Get a WordPress.com Blog
![TUAW [Cafepress]](http://www.blogsmithmedia.com/www.tuaw.com/media/tuaw-cafepress-promo.png)
Reader Comments (Page 1 of 2)
Jordan said 11:52AM on 7-30-2009
So here's the thing...
Bring the security hole to the attention of Apple, they damn well better provide a fix.
But then don't go public about it, if there's no way to protect users, why blurt out loud the security flaw and basically invite hackers in?
Reply
oZ said 11:58AM on 7-30-2009
These things are never announced at a conference 'first'. They're communicated to a company, and a company has a responsibility to fix it. After a long enough period of time, the flaw is presented so people can study it for later. The company has an opportunity to fix that problem before it's announced, and if they don't, the announcement allows people to be aware of the issue and possibly get around it.
Apple dropped the ball.
KeynoteKen said 2:12PM on 7-30-2009
@Oz Is six weeks long enough? In my opinion, that's not even long enough to test if the a potential fix would break anything else.
Nick Catalano said 3:41AM on 7-31-2009
@ken
That is more than enough time to roll out a bugfix.
oZ said 11:41AM on 7-31-2009
Apple has delivered bugfixes within a two week window before. Six weeks is plenty of time, and considering how much the iPhone is worth to Apple's image, they should have assigned this to more than one or two people to get this out the door.
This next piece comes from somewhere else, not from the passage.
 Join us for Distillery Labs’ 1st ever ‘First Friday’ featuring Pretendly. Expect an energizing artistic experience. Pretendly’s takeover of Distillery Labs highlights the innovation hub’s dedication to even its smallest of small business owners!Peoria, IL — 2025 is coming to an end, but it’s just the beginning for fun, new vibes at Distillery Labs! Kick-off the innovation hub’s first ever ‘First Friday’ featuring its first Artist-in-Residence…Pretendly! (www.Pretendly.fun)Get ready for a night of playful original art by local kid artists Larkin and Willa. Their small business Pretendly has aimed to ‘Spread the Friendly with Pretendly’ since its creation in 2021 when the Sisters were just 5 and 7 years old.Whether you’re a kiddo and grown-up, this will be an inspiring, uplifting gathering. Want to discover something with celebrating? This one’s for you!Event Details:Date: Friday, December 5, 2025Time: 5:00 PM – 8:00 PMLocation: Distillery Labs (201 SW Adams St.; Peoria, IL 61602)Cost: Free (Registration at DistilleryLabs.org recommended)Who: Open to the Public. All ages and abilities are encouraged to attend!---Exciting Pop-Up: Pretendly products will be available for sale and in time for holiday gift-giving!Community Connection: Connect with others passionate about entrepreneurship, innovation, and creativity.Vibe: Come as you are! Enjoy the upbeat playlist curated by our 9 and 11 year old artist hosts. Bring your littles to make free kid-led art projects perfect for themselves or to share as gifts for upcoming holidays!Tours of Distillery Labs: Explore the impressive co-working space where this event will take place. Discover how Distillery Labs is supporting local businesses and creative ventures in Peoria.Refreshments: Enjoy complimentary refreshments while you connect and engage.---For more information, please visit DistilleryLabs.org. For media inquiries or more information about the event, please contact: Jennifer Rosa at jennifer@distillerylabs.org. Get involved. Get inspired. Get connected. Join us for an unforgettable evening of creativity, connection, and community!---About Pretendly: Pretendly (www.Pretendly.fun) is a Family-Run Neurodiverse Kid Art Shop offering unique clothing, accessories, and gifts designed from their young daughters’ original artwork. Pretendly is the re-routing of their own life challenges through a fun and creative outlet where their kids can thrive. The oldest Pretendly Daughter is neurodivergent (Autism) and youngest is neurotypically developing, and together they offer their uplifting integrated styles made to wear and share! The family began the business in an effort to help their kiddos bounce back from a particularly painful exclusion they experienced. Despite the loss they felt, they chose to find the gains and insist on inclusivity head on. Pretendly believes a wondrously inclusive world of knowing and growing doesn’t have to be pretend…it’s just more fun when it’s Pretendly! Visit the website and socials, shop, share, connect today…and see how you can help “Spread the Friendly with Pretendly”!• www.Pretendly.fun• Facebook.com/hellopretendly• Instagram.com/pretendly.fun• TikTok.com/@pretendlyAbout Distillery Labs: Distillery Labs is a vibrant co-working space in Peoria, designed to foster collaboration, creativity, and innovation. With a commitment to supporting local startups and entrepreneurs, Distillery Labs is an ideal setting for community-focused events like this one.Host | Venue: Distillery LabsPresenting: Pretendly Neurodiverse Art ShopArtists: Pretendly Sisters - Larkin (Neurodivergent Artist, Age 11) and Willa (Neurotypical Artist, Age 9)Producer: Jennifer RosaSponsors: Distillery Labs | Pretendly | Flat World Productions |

rosasblanca said 11:56AM on 7-30-2009
Yet another reason to hate SMS . . . it's a total rip-off, there's no way to disable it, and now, your iPhone may be vulnerable to a malicious attack with, again, basically no way to protect yourself (because, again, there's no way to TURN IT OFF).
Reply
heybebeh said 12:01PM on 7-30-2009
Actually, you can turn it off. Hold the top button (the one that turns off the screen) for 5 or so seconds, and a slider that says "Slide to power off" will appear. Slide it. To turn back on, hold the same button until you see an Apple logo appear on the screen.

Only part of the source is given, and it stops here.